Concrete is the most used construction material, accounting for 8 % of global CO2 emissions. Various strategies aim to reduce concrete’s embodied carbon, such as using supplementary cementitious materials, utilizing cleaner energy, and carbonation. However, a large potential lies in reusing concrete for new buildings in a Circular Economy, thereby closing material loops and avoiding CO2 emissions.

This study focuses on the reuse of precast concrete elements. We present a digital workflow for assessing reuse by predicting the remaining service life, estimating CO2 uptake by natural carbonation, and calculating the embodied carbon savings of concrete reuse. Both carbonation rates from EN 16757 and our investigation were applied to a case study building. While EN 16757 rates suggest that most precast elements have reached the end of their service life, our assessment shows that these elements have a sufficient lifespan for reuse.

Plaster and coverings significantly delay carbonation and extend service life. During the first service life following EN 16757, carbonation was 19,2 kg CO2/m3, whereas our prediction was 5,4 kg CO2/m3. Moreover, CO2 uptake during service life, including reuse, was less than 6 % of the embodied carbon. The climate benefits of reuse greatly exceeded those of carbonation.

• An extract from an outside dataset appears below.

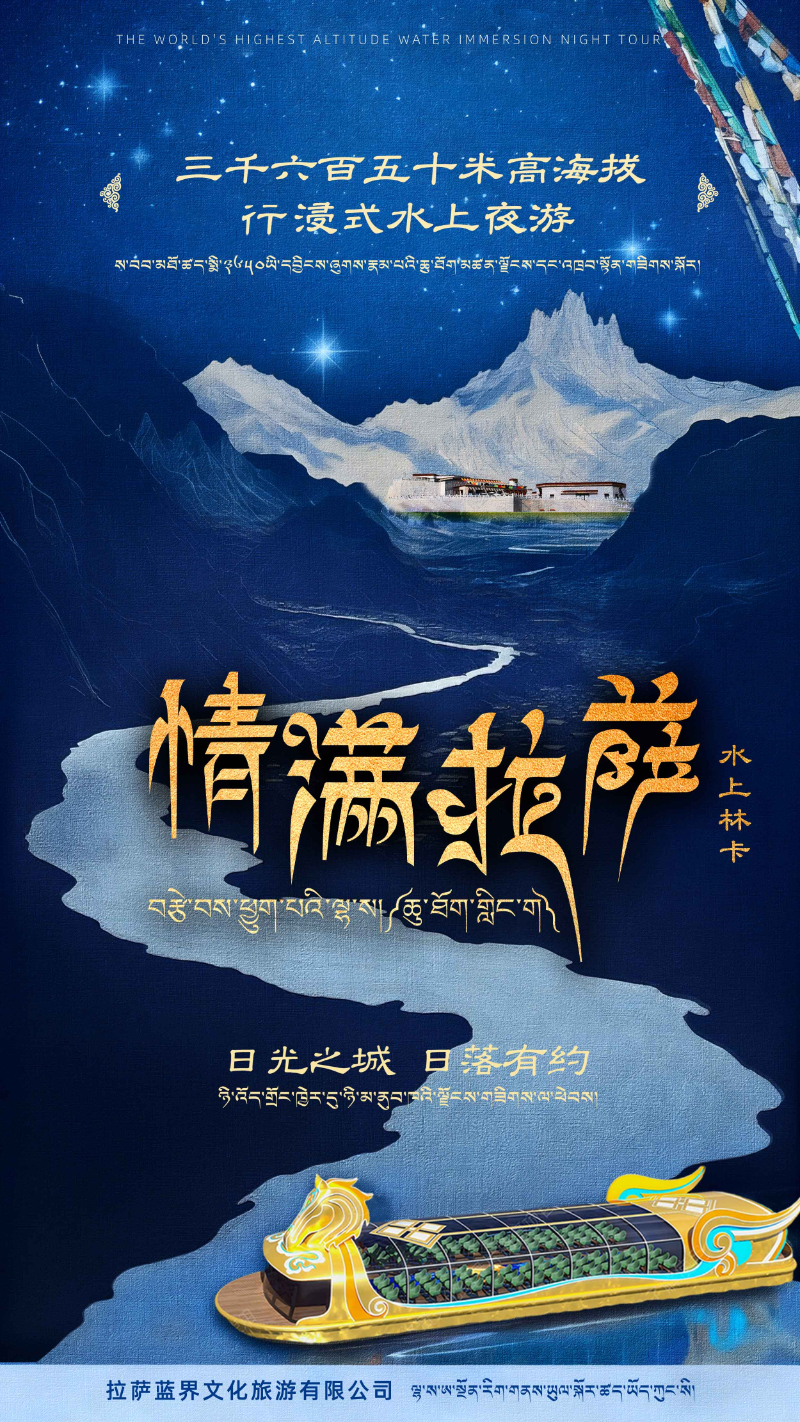 1. 情满拉萨(水上林卡):依托吉曲河资源,改造游船码头,融合科技光影与民俗演艺,打造全球海拔最高的行进式水上夜游项目。水上林卡通过夜游拉萨河,让市民游客深度体验沿河风光,以全新的视角感受拉萨的迷人风貌与人文故事,给游客带来无与伦比的观光享受。灯光设计则以“山水之间光影画卷”为主题,包括“荣、奇、和、文、秀、源”六大组团,充分运用拉萨河的河水、岸线、远山、楼宇,呈现集视觉、听觉、互动于一体的夜间文化体验空间,形成全域旅游,助力拉萨夜间经济发展。

Furthermore, carbonation did not have a decisive influence when applying Cut-Off, Distributed, and End-of-Life allocations for assessing embodied carbon of re-used elements in subsequent life cycles.

The digital workflow is useful in quickly assessing lifespan, carbonation, and embodied carbon of concrete. It can be leveraged as a decision-making tool when designing for reuse.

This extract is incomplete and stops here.